Alexander Ulanov

Distributed deep learning on Spark

Date: This event took place live on June 15 2016

Presented by: Alexander Ulanov

Duration: Approximately 60 minutes.

Questions? Please send email to

Description:

Hosted By: Ben Lorica

Deep learning is a popular area of machine learning. Deep learning models that are used in practice for image classification and speech recognition contain a huge number of weights, require a lot of computations, and are trained with large datasets. Training such models might take days or even months on a single powerful machine, but ongoing research is exploring how to scale out the training by means of distributed computations and data processing. Since Apache Spark provides these capabilities, as well as many other useful libraries essential to analytics and machine learning, it is a strong contender for a distributed training platform for deep learning. Alexander Ulanov offers an overview of a number of different tools and frameworks that have been proposed for performing deep learning on Spark and compares them. Alexander also considers the limitations of distributed training itself in the context of Spark and modern hardware.

About Alexander Ulanov

Alexander Ulanov is a senior researcher at Hewlett Packard Labs, where he focuses his research on machine learning on a large scale. Currently, Alexander works on deep learning and graphical models.
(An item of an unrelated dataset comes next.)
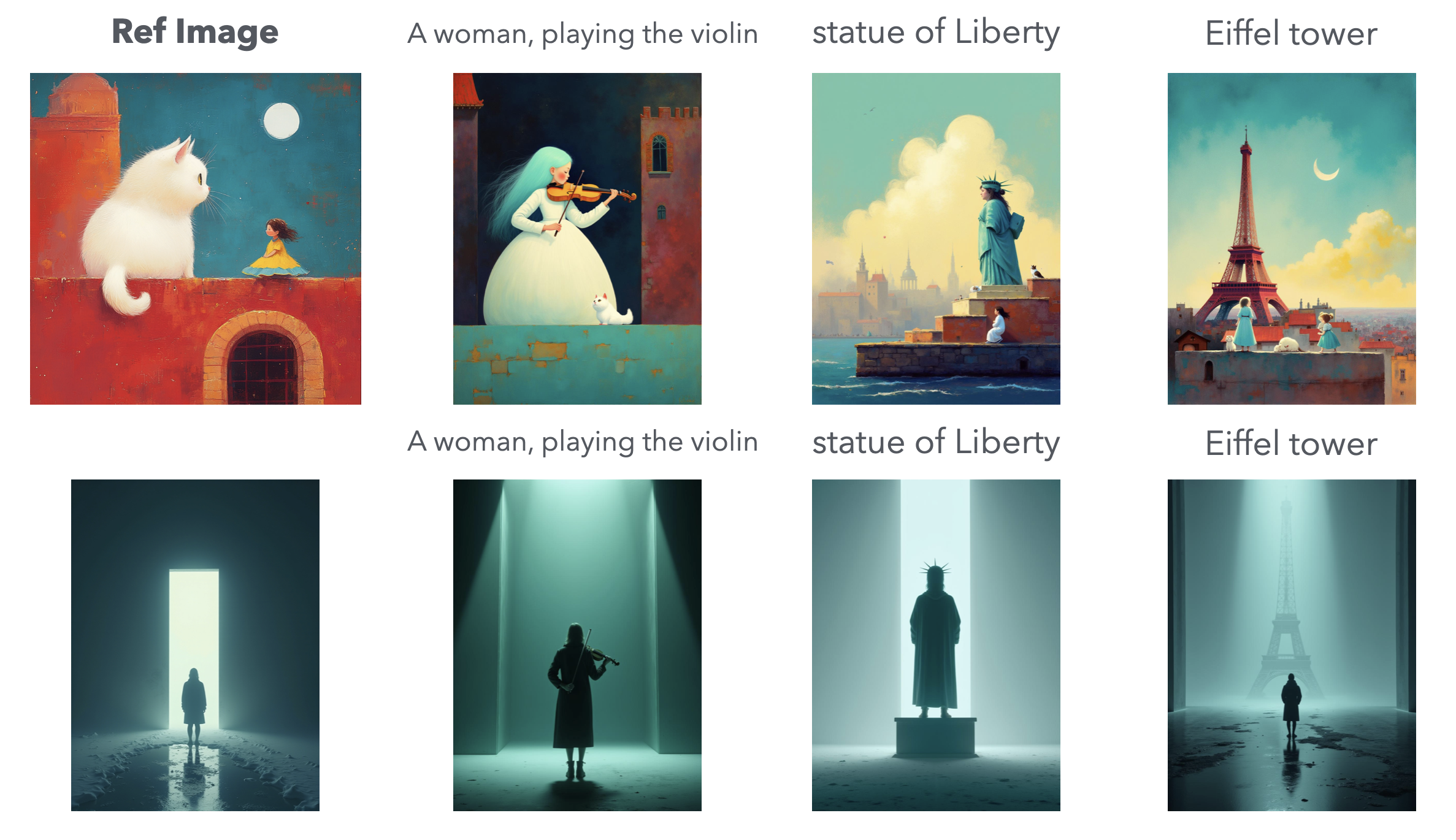 This model supports image reference, but is not for fine-grained style transfer or character consistency, which means that there exists a trade-off between content leakage and style transfer. We don't find similar properties in FLUX.1-dev (DiT-based) as in InstantStyle (UNet-based). It may take several attempts to get satisfied results. Furthermore, current released model may suffer from limited diversity, thus cannot cover some styles or concepts,

He has made several contributions to Apache Spark; in particular, he implemented the multilayer perceptron classifier. Previously, he worked on text mining, classification and recommender systems, and their real-world applications. Alexander holds a PhD in mathematical modeling from the Russian Academy of Sciences.

About Ben Lorica

Ben Lorica is the Chief Data Scientist and Director of Content Strategy for Data at O'Reilly Media, Inc. He has applied Business Intelligence, Data Mining, Machine Learning and Statistical Analysis in a variety of settings including Direct Marketing, Consumer and Market Research, Targeted Advertising, Text Mining, and Financial Engineering. His background includes stints with an investment management company, internet startups, and financial services.